Arrieta had a first-inning scare, issuing back-to-back two-out walks, but he escaped the jam and seemed to be on cruise control until the sixth inning. He got Carlos Santana to fly out to lead off the sixth, continuing his no-hit bid, but Kipnis broke it up with a double to right field. After getting Francisco Lindor to ground out, pushing Kipnis to third base, Arrieta uncorked a wild pitch, helping the Indians score their first run of the game. Arrieta then served up a single to Mike Napoli, which proved to be the end of the line. Manager Joe Maddon came out to replace him with lefty Mike Montgomery. Montgomery ended the bottom of the sixth by inducing a weak ground out from Jose Ramirez.
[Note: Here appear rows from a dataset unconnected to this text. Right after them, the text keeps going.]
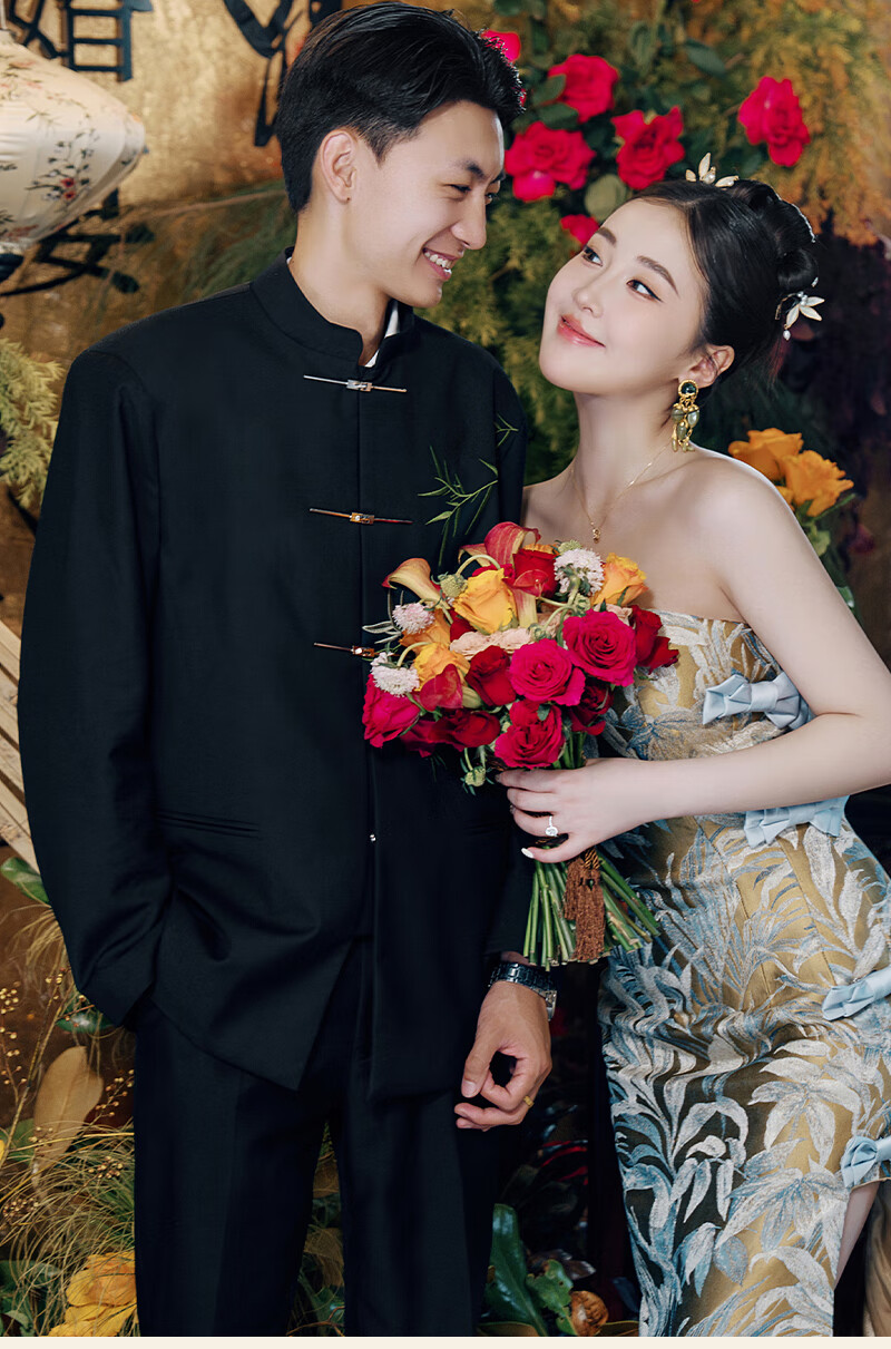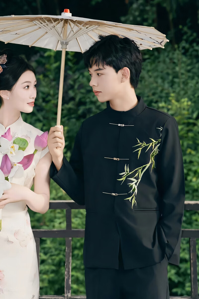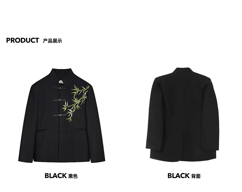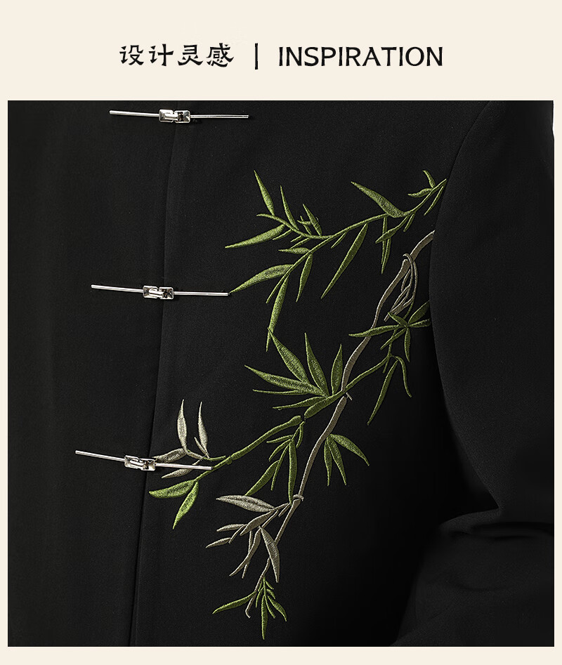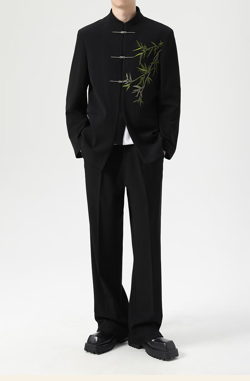ROMON New Chinese tunic suit, engagement groom suit, men's wedding wedding high-end coat, national style embroidered suit suit, black jacket + pants XL
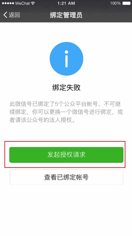 如果辦理員綁定的公眾號(hào)達(dá)到 50 個(gè),即不能再添加公眾號(hào)。
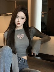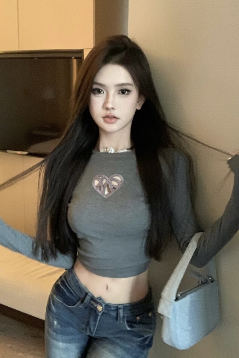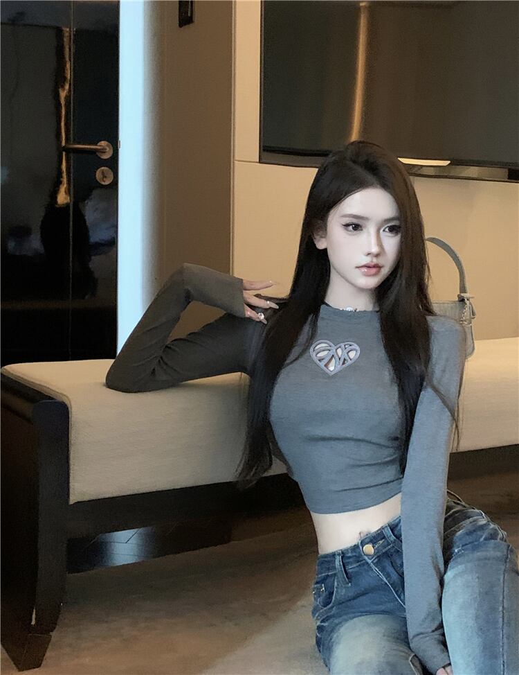 アメリカンスウィートホットガールズ中空アウトTシャツ秋スリムフィット長袖Tシャツショートトップ服 ロング 大人ガーリー キュート カジュアル オータム 秋物
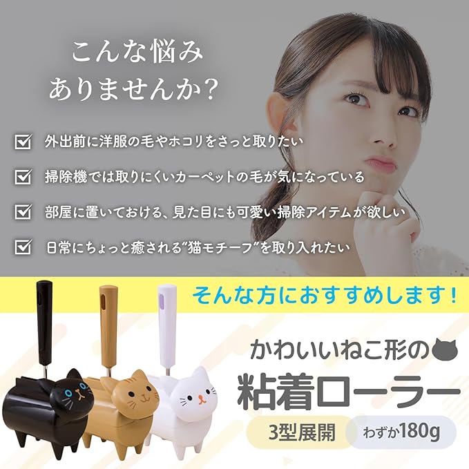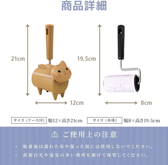 【外出先でも便利に使える】持ち運びしやすいサイズ感なので外出先や職場でも使いやすく、気になった毛やホコリをその場ですぐに取り除けるのが大きなポイントです。 【ねこの毛もスッキリ除去】ねこの抜け毛が気になる衣類や布製品にも粘着力がしっかり働き、毎日の掃除が手間なく簡単にできて清潔な空間を保つことができます。 【カーペットも簡単に掃除】カーペットに絡んだホコリや細かいゴミを巻き取りながら、表面を傷めずに掃除できるため、力を入れなくても快適に作業が続けられます。
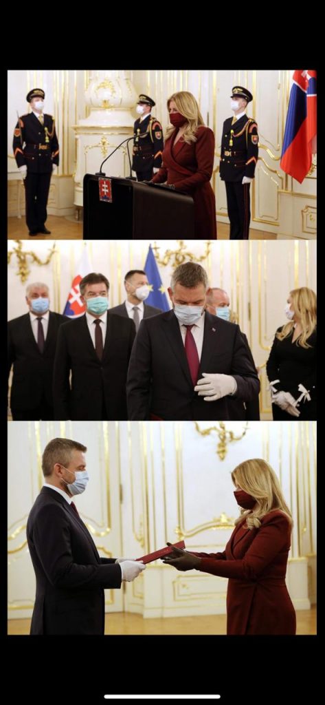Në një ceremoni aspak të veçantë, ku të gjithë zyrtarët e lartë të shtetit kanë qenë me maska, Pellegrini i ka paraqitur dorëheqjen e tij presidentes, Zuzana Čaputová.
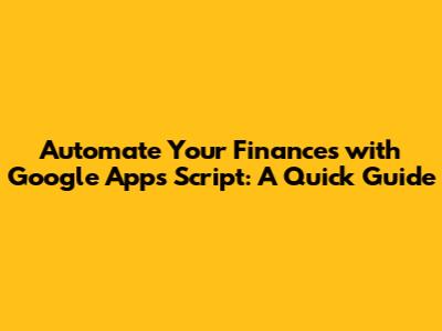 Automate Finance With Google Apps Script: A Quick Guide
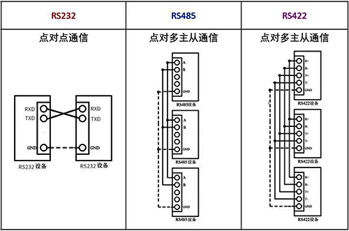 RS232:只能实现点对点通信;RS485和RS422:能实现点对多主从通信。
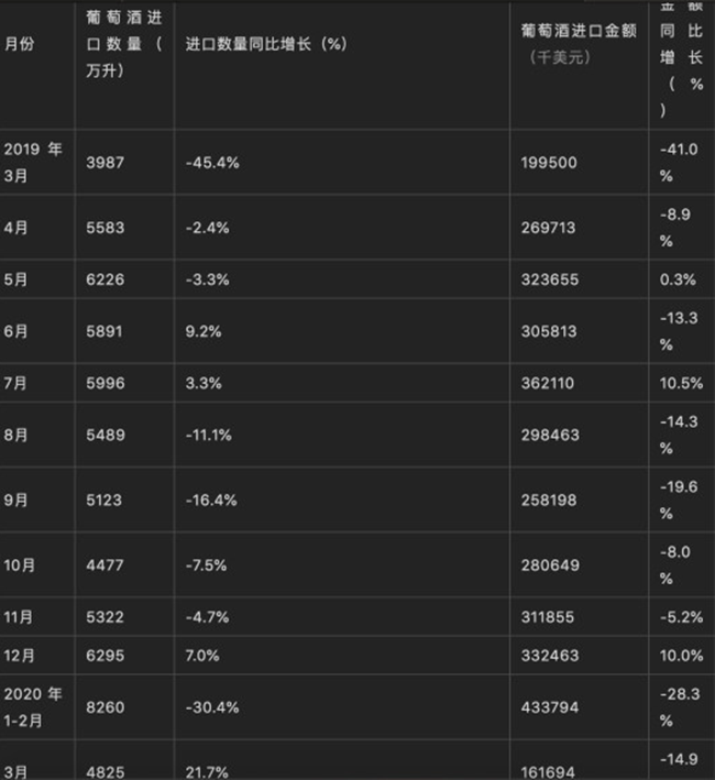 單從2020年3月來(lái)看,中國(guó)葡萄酒進(jìn)口量為4825萬(wàn)升,同比增長(zhǎng)21.7%;進(jìn)口金額為161694千美元,同比下降14.9%。
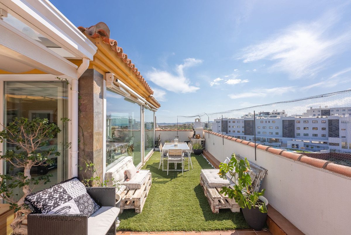 Ático moderno reformado, orientación sur-sur/oeste, ubicado en la exclusiva urbanización Reserva del Higuerón. Consta de hall de entrada, 3 dormitorios y 2 baños, suelos de madera en todo el apartamento, amplio salón comedor con grandes ventanales de cristal, cocina americana totalmente amueblada y equipada con electrodomésticos. Todos los dormitorios con armarios empotrados y acceso a la terraza. Dormitorio principal con baño en suite y walk-in closet. 136m2 de terraza con vistas panorámicas al mar Mediterráneo ya la Bahía de Fuengirola. Incluye una plaza de parking y trastero.Espectaculares zonas comunes, con dos grandes piscinas, amplias zonas verdes y un lago artificial.~
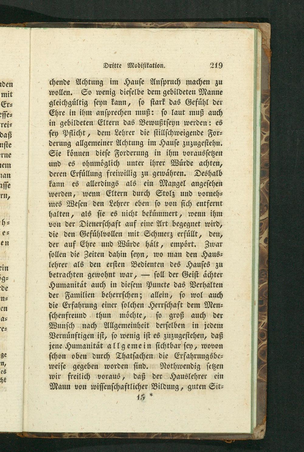 chende Achtung im Hauſe Anſpruch machen zu wollen. So wenig dieſelbe dem gebildeteu Manne gleichguͤltig ſeyn kann, ſo ſtark das Gefuͤhl der Ehre in ihm anſprechen muß: ſo laut muß auch in gebildeten Eltern das Bewußtſeyn werden: es ſey Pflicht, dem Lehrer die ſtillſchweigende For⸗ derung allgemeiner Achtung im Hauſe zuzugeſtehn. Sie koͤnnen dieſe Forderung in ihm vorausſetzen und es ohnmoͤglich unter ihrer Wuͤrde achten, deren Erfuͤllung freiwillig zu gewaͤhren. Deshalb kann es allerdings als ein Mangel angeſehen werden, wenn Eltern durch Stolz und vorneh⸗ mes Weſen den Lehrer eben ſo von ſich entfernt halten, als ſie es nicht bekuͤmmert, wenn ihm von der Dienerſchaft auf eine Art begegnet wird, die den Gefuͤhlvollen mit Schmerz erfuͤllt, den, der auf Ehre und Wuͤrde haͤlt, empoͤrt. Zwar ſollen die Zeiten dahin ſeyn, wo man den Haus⸗ lehrer als den erſten Bedienten des Hauſes zu betrachten gewohnt war,— ſoll der Geiſt aͤchter Humanitaͤt auch in dieſem Puncte das Verhalten der Familien beherrſchen; allein, ſo wol auch die Erfahrung einer ſolchen Herrſchaft dem Men⸗ ſchenfreund thun moͤchte, ſo groß auch der Wunſch nach Allgemeinheit derſelben in jedem Vernuͤnftigen iſt, ſo wenig iſt es zuzugeſtehen, daß jene Humanitaͤt allgemein ſichtbar ſey, wovon ſchon oben durch Thatſachen die Erfahrungsbe⸗ weiſe gegeben worden ſind. Nothwendig ſetzen wir freilich voraus, daß der Hauslehrer ein Mann von wiſſenſchaftlicher Bildung, guten Sit⸗
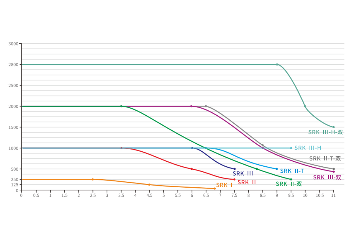 | SRK II | Stal miękka o wysokiej wytrzymałości | 17kg/m | 20,08 cm² | 651 cm⁴ | ≤2000kg | Poniższy wykres | 6 m | RAL2002 |
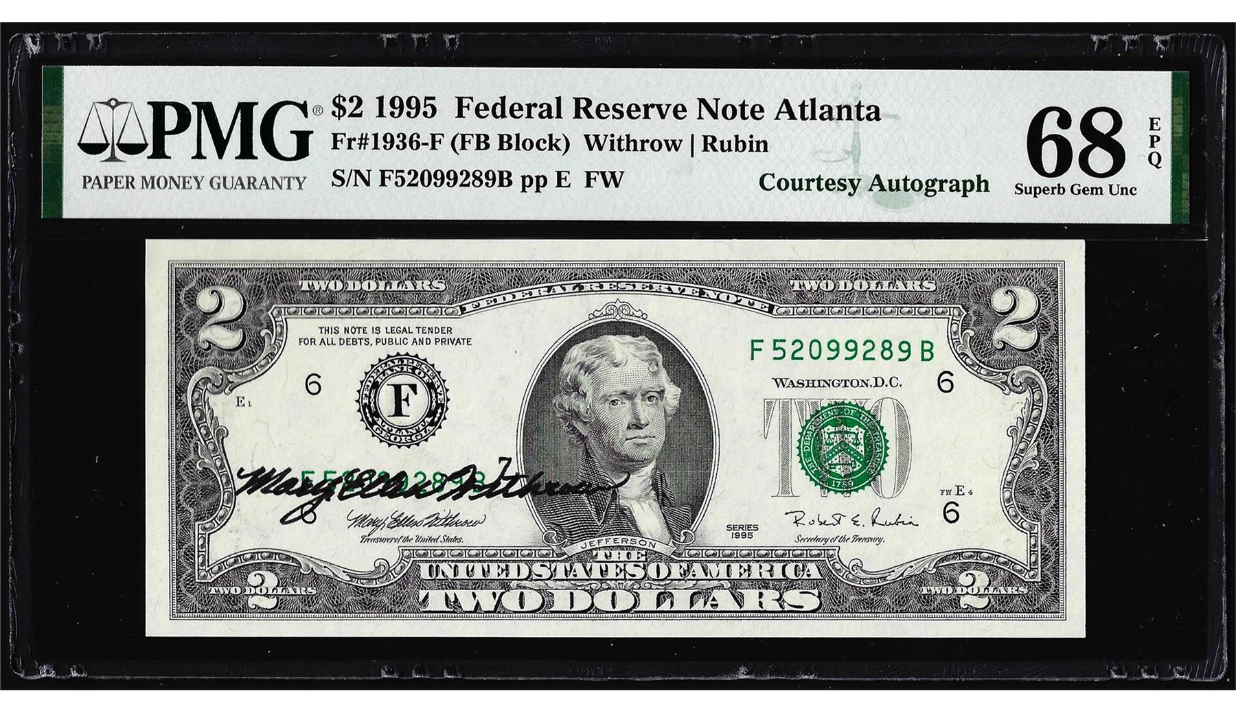 1995 $2 Federal Reserve Note PMG Superb Gem Uncirculated 68EPQ Courtesy Autograph
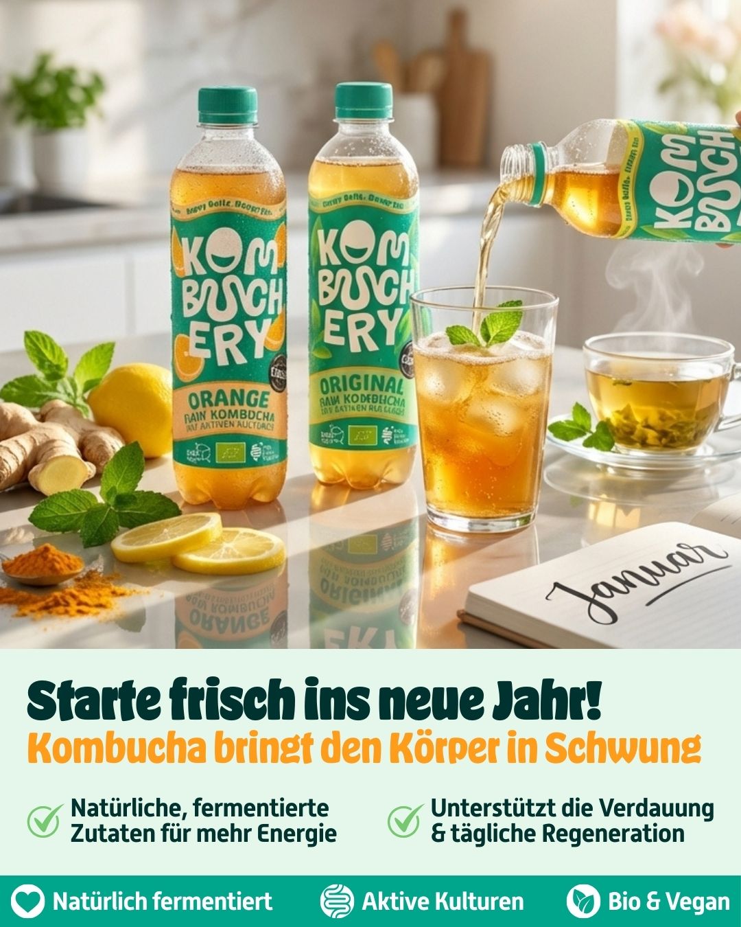 Time to reset with Kombuchery – your daily kick for a light and balanced start to everyday life. Naturally fermented ingredients, living cultures, and organic acids work exactly where things often get off track after the holidays: your gut feeling and daily energy!

Montgomery struck out the first two batters he faced in the seventh, then got into a bit of hot water by yielding a single to Brandon Guyer, then walking Game 1 hero Roberto Perez. Carlos Santana, however, struck out to end what would be the Indians’ last real chance to get back in the ballgame.

Montgomery remained in the game in the bottom of the eighth. He struck out Kipnis, got Lindor to ground out, then gave up a line drive single to Napoli before Maddon pulled the plug. Closer Aroldis Chapman entered to face Ramirez. As expected, Chapman got Ramirez to whiff on a fastball to send the game to the ninth.

In the bottom of the ninth, Chapman fanned Rajai Davis and got Coco Crisp to ground out for two quick outs. He walked Guyer on five pitches but ended the game as rain drizzled onto Progressive Field by getting Perez to ground out to shortstop.

The World Series is now headed back to Wrigley Field. The two clubs will enjoy a day off on Thursday to travel. Game Three will be played at 8:00 PM EDT on Friday. The Indians will send Josh Tomlin to the hill while the Cubs will counter with Kyle Hendricks.